Task description —
Could you please write out each line of the records exactly, minus the pictures?

* * * * * * * * *

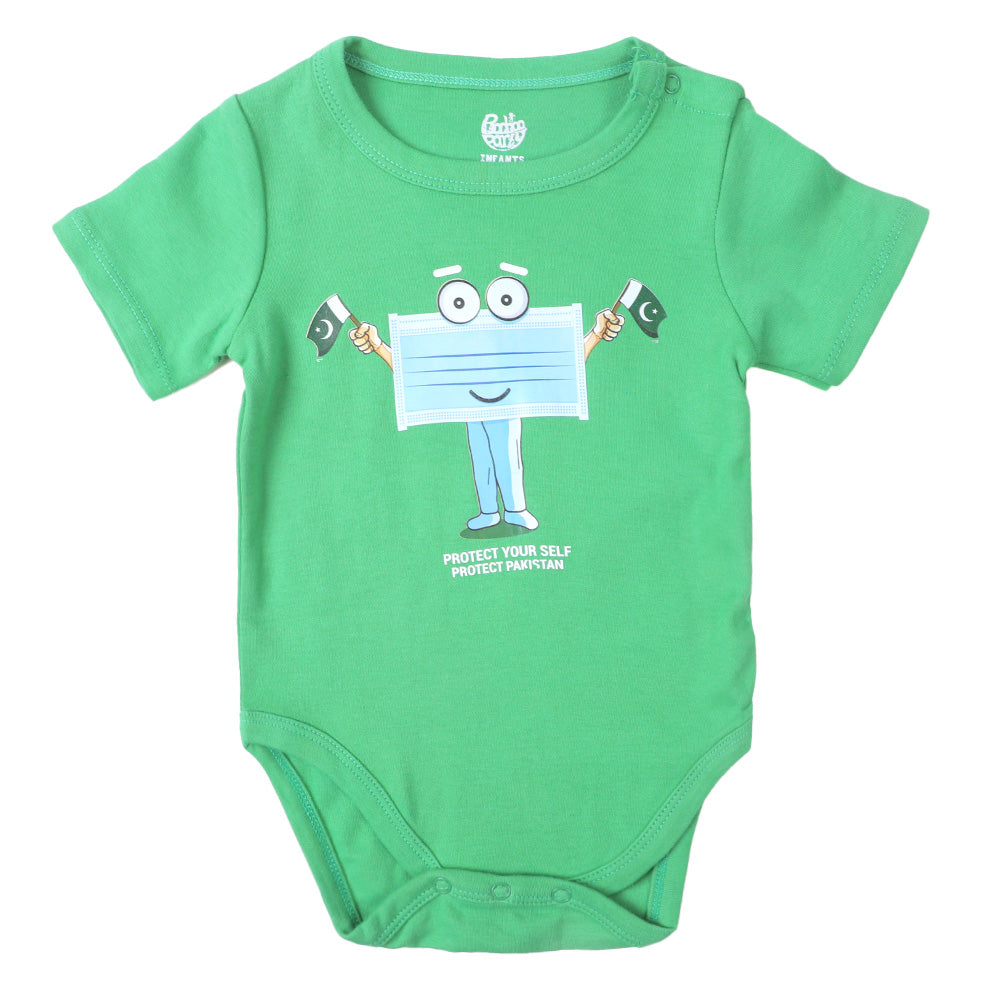 Bachaa Party brings you the best price for Infants Boys Basic Romper Protect Yourself - Fern Green with express shipping all over Pakistan.
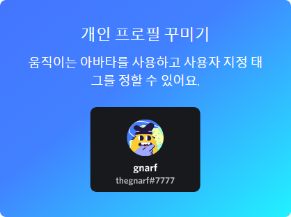 개인 프로필 꾸미기에 관한 니트로 혜택은 크게 3가지가 있습니다. 디스코드 아바타로 움직이는 사진(gif)을 사용할 수 있으며 뒤의 태그(#뒤의 숫자)를 자기 마음대로 바꿀 수 있습니다. 또 프로필 배경도 바꿀 수 있게 됩니다.
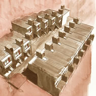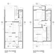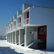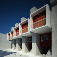 With the main duty to tell the world how architecture can contribute to good housing solutions for those who has a less-favored income, this project begins with the ideal that social housings can unite both aesthetic and functional qualities, with no need of high costs. A project of a residential complex was needed, and it should combine low cost and a new architecture, to enforce the ideal of quality in a new developer enterprise. Thus, using a cleaning and formal rationality, it was possible to develop a set of 17 low-cost units. The structural solution, achieved through innovative ideal, show a mixed structure of masonry and conventional structure in which the slab with a large windward sheet is mounted in a beam (flat, so as not to be noticed in the rear below), which in turn connects to the main structure of the house. In a high place and with an expressive slope, the project has an inside street which connects units, providing an axis of great visibility of the surroundings. Each residence has a one car garage above. To don't exceed the legal high limit of 6 meters tall established by the city, it was designed a mid-low level to accommodate the garage, deposit and a working area, on the next floor (mid-high level), there is the living room, toilet, kitchen and the service area. The second floor accommodates two bedrooms and a bathroom. The water tower stands as a structural, plastic and low cost solution to the project, because it is located on the front facade of each unity, giving a individual touch, while concentrating all wet area in only one point. The details of the project are all largely concerned, mostly to provide economy. It has been described all the way l from the edge of drippers in all slabs, to the interior of the water tank. The total area is 1011 m², and the area of each unit is 46 m².
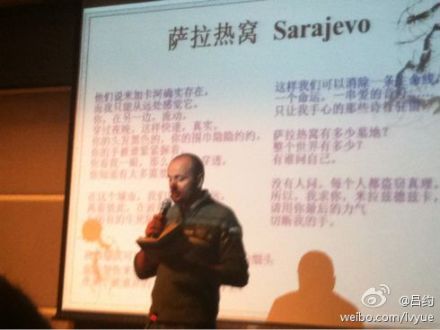 Ivan Herceg was reading. Behind him was the Chinese translation of the poem on the screen. About 30 poets read that evening but I was too busy to take pictures. (I found this picture later on Lȕ Yue’s facebook.)
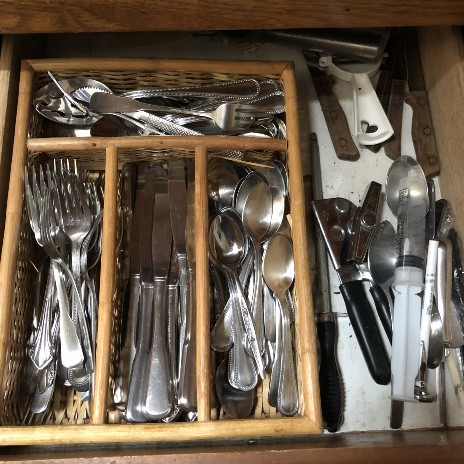Assorted silverware with a woven divider. Also includes some knives, an ice cream scoop and other items as shown.
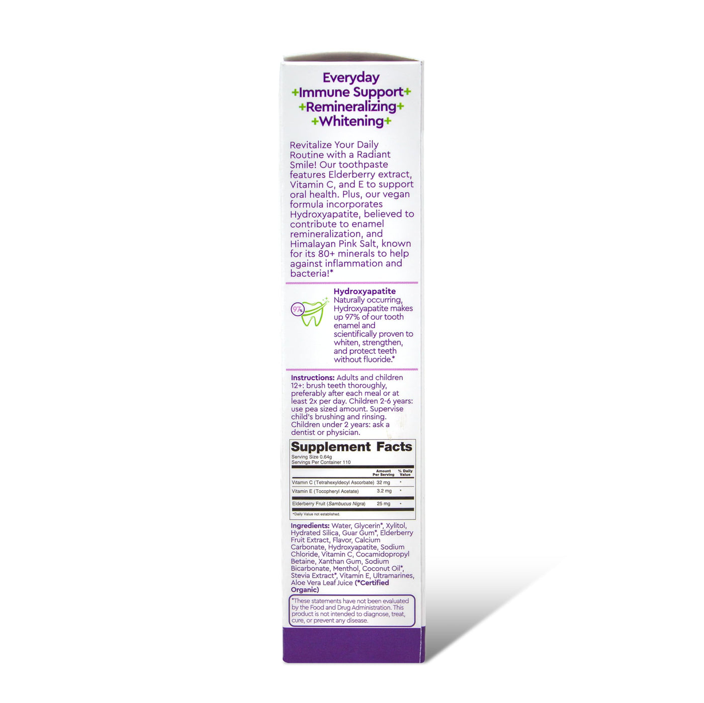 - Elevate Your Oral Defense: Experience the ultimate boost with Immuni-Minty Immune Support Toothpaste in Elderberry Mint flavor. Our triple action formula, infused with Elderberry, Vitamin C, and E.
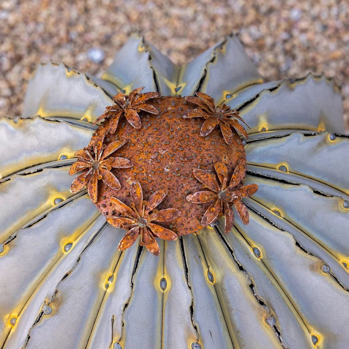Desert Steel's Metal Golden Barrel Cactus Torch is a stunning handcrafted sculpture. Blending desert beauty with functional torchlight for outdoor ambiance.

* * * * * * * * *

Response —
 Bachaa Party brings you the best price for Infants Boys Basic Romper Protect Yourself - Fern Green with express shipping all over Pakistan.
 개인 프로필 꾸미기에 관한 니트로 혜택은 크게 3가지가 있습니다. 디스코드 아바타로 움직이는 사진(gif)을 사용할 수 있으며 뒤의 태그(#뒤의 숫자)를 자기 마음대로 바꿀 수 있습니다. 또 프로필 배경도 바꿀 수 있게 됩니다.
 With the main duty to tell the world how architecture can contribute to good housing solutions for those who has a less-favored income, this project begins with the ideal that social housings can unite both aesthetic and functional qualities, with no need of high costs. A project of a residential complex was needed, and it should combine low cost and a new architecture, to enforce the ideal of quality in a new developer enterprise. Thus, using a cleaning and formal rationality, it was possible to develop a set of 17 low-cost units. The structural solution, achieved through innovative ideal, show a mixed structure of masonry and conventional structure in which the slab with a large windward sheet is mounted in a beam (flat, so as not to be noticed in the rear below), which in turn connects to the main structure of the house. In a high place and with an expressive slope, the project has an inside street which connects units, providing an axis of great visibility of the surroundings. Each residence has a one car garage above. To don't exceed the legal high limit of 6 meters tall established by the city, it was designed a mid-low level to accommodate the garage, deposit and a working area, on the next floor (mid-high level), there is the living room, toilet, kitchen and the service area. The second floor accommodates two bedrooms and a bathroom. The water tower stands as a structural, plastic and low cost solution to the project, because it is located on the front facade of each unity, giving a individual touch, while concentrating all wet area in only one point. The details of the project are all largely concerned, mostly to provide economy. It has been described all the way l from the edge of drippers in all slabs, to the interior of the water tank. The total area is 1011 m², and the area of each unit is 46 m².
 Ivan Herceg was reading. Behind him was the Chinese translation of the poem on the screen. About 30 poets read that evening but I was too busy to take pictures. (I found this picture later on Lȕ Yue’s facebook.)
Assorted silverware with a woven divider. Also includes some knives, an ice cream scoop and other items as shown.
 - Elevate Your Oral Defense: Experience the ultimate boost with Immuni-Minty Immune Support Toothpaste in Elderberry Mint flavor. Our triple action formula, infused with Elderberry, Vitamin C, and E.
Desert Steel's Metal Golden Barrel Cactus Torch is a stunning handcrafted sculpture. Blending desert beauty with functional torchlight for outdoor ambiance.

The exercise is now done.